With this technique, the researchers were able to achieve defect-free arrays of nanoscopic elements with feature sizes as small as 3 nanometers. Because crystals come in a variety of sizes, there are few limitations to how large this block copolymer array can be produced, the researchers said. They also noted that the angle and depth of the sawtooth ridges can be easily varied by changing the temperature at which the crystal is heated to fine tune the desired pattern.
Other research teams are engaged in similar efforts to break the size barrier of self-assembled block copolymers, but this new project by the UMass Amherst-UC Berkeley scientists differs in that it does not rely upon advances in lithography to achieve its goals.
Russell and Xu’s approach differs from how other researchers have been trying to increase storage density. Most have been using optical lithography, which sends light through a mask onto a photosensitive surface. That process creates a pattern to guide the copolymers into assembling.
The new technology could create chip features just 3nm across, outperforming current microprocessor manufacturing techniques, which at their best create features about 45nm across. Photolithography is running into basic barriers to achieving greater density, and the new approach uses less environmentally harmful chemicals, Xu said. But actually applying the technique to CPUs would pose some challenges, such as the need to create random patterns on a CPU, Xu said.
Along with the evolution of media and the development of holograms or environmentally projected images, the hunger for data storage density is growing higher.

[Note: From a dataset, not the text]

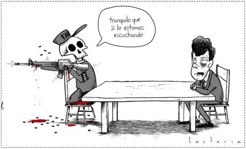 Las Farc secuestran a un norteamericano y luego dicen que lo van a soltar como gesto de buena voluntad (igual que hace unos meses dijeron que no secuestrarían más, también como gesto de buena voluntad). Las Farc asesinan a sangre fría a 15 soldados en Arauca (y se ganan una palmadita en la mano de la ONU: que no sean malos, que el derecho internacional humanitario). Las Farc, en un acto de torpeza sin precedentes en ninguna negociación que me venga a la cabeza, les echan el ojo a las protestas del Catatumbo y ofrecen de oficio sus armas a los que protestan

In the semiconductor industry, optical lithography is a process in which light passes through a mask with a desired circuit pattern onto a photosensitive material, or photoresist, that undergoes a chemical change. Several steps of chemical treatment are then used to develop the desired pattern for subsequent use. An added benefit, said Xu, is that “our technique is more environmentally friendly than photolithography, which requires the use of harsh chemicals and acids.”